Spark MLlib for Big Data and Machine Learning

MankayarKarasi Last Updated : 27 Feb, 2025
5 min read

With the growing demand for big data and machine learning, this article introduces Spark MLlib, its components, and its functionality, focusing on the use of machine learning algorithms within Apache Spark. Apache Spark is a fast and versatile data processing framework capable of handling large datasets efficiently by distributing tasks across multiple computers, making it a powerful tool for big data analytics and machine learning. To enhance its accessibility, the Apache Spark community developed PySpark, enabling Python programmers to work with Resilient Distributed Datasets (RDDs) and leverage Spark’s capabilities within the Python ecosystem. In this article you all get to know about the spark mLlib , its components and major tools for spark MLlib.

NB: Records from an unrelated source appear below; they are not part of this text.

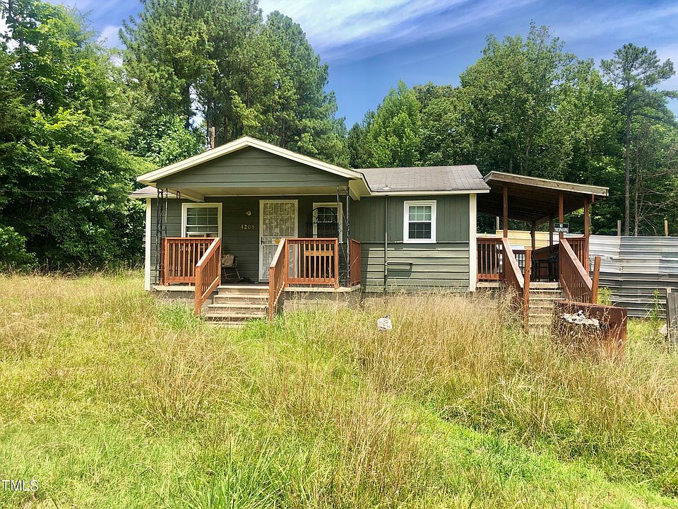 3 ACRES AND NO HOA. Don't miss out on this extraordinary opportunity to own a 2-bedroom home with a covered front porch and spacious side deck. The 3 acre tract encompasses the parcel with the home and (2) additional parcels (4207 (0.15 ac) and 4213 (0.57 ac) Jeffries Rd) that must be sold together. The possibilities are endless and the chance to create your very own slice of paradise awaits. Whether you envision expanding your living space, creating an expansive garden oasis or pursuing various recreational endeavors, the possibilities are endless. Embrace your creativity and transform this vast landscape into your personal sanctuary, where dreams can flourish and aspirations can be brought to life. Easy access to Downtown Durham, RDU and I-85. No HOA. Property conveys 'As Is'. It is a court ordered sale.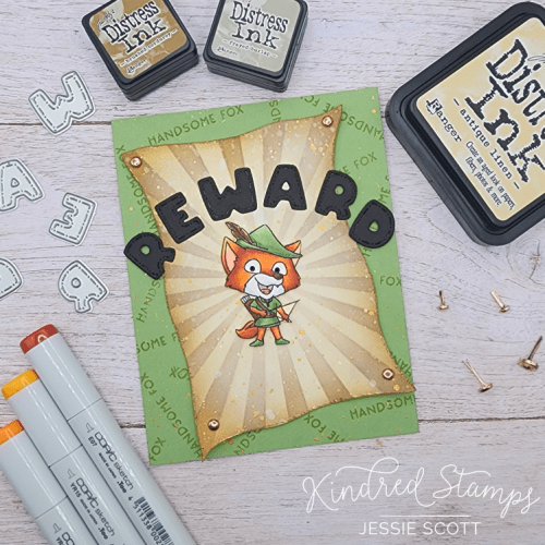 REWARD is created with the Stitched Alpha dies. I freehanded a cut poster, roughed the edges with old scissors and ink blended with distress ink for some fun dimension. I added brads for a “nailed” effect.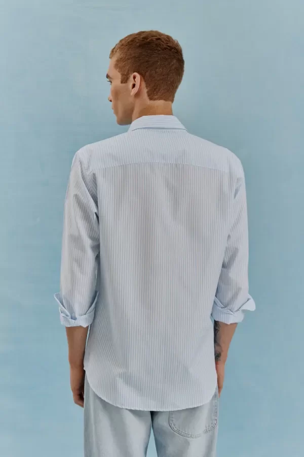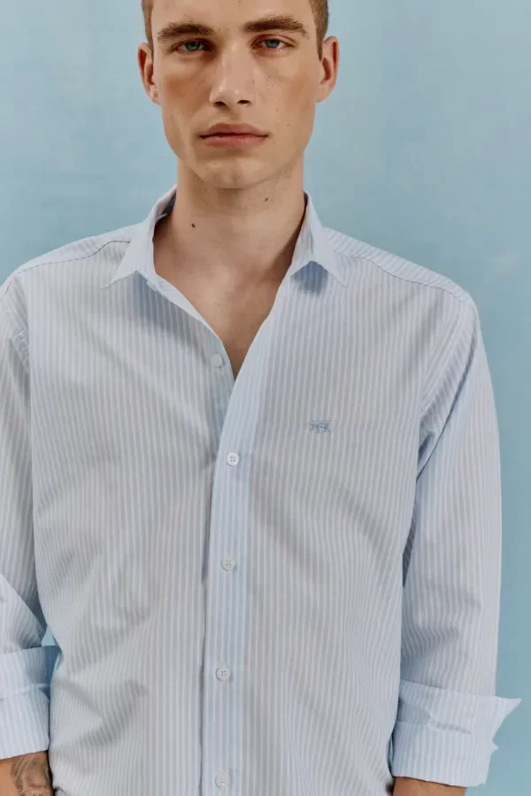 La camisa clásica rayada "Winter" es un must-have. Confeccionada en poplin rayado, incluye un elegante oso bordado al tono en el delantero y botones personalizados al tono en la cartera.

This article was published as a part of the Data Science Blogathon.

What is Spark MLlib?

Spark MLlib is Apache Spark’s scalable machine learning library, offering efficient, distributed algorithms for tasks like classification, regression, clustering, and collaborative filtering. It includes tools for feature extraction, transformation, and pipeline building. Built on Spark’s in-memory processing, MLlib handles large-scale data seamlessly and integrates with Spark SQL and DataFrames for streamlined workflows. Ideal for big data applications, it combines high performance with ease of use, making it a powerful choice for scalable machine learning in distributed environments.

Components of Spark

Spark Core

All the functionalities being provided by Apache Spark are built on the top of Spark Core. It manages all essential I/O functionalities. It is used for task dispatching and fault recovery. Spark Core is embedded with a special collection called RDD (Resilient Distributed Dataset). RDD is among the abstractions of Spark. Spark RDD handles partitioning data across all the nodes in a cluster. It holds them in the memory pool of the cluster as a single unit. There are two operations performed on RDDs:

  • Transformation: It is a function that produces new RDD from the existing RDDs.
  • Action: In Transformation, RDDs are created from each other. But when we want to work with the actual dataset, then, at that point we use Action.

Spark SQL

The Spark SQL component is a distributed framework for structured data processing. Spark SQL works to access structured and semi-structured information. It also enables powerful, interactive, analytical applications across both streaming and historical data. DataFrames and SQL provide a common way to access a variety of data sources. Its main feature is being a Cost-based optimizer and Mid query fault-tolerance.

Spark Streaming

It is an add-on to core Spark API which allows scalable, high-throughput, fault-tolerant stream processing of live data streams. Spark Streaming, groups the live data into small batches. It then delivers it to the batch system for processing. It also provides fault tolerance characteristics.

Spark GraphX

GraphX in Spark is an API for graphs and graph parallel execution. It is a network graph analytics engine and data store. Clustering, classification, traversal, searching, and pathfinding is also possible in graphs.

SparkR

SparkR provides a distributed data frame implementation. It supports operations like selection, filtering, aggregation but on large datasets.

Spark MLlib

Spark MLlib is used to perform machine learning in Apache Spark. MLlib consists of popular algorithms and utilities. MLlib in Spark is a scalable Machine learning library that discusses both high-quality algorithm and high speed. The machine learning algorithms like regression, classification, clustering, pattern mining, and collaborative filtering. Lower level machine learning primitives like generic gradient descent optimization algorithm are also present in MLlib.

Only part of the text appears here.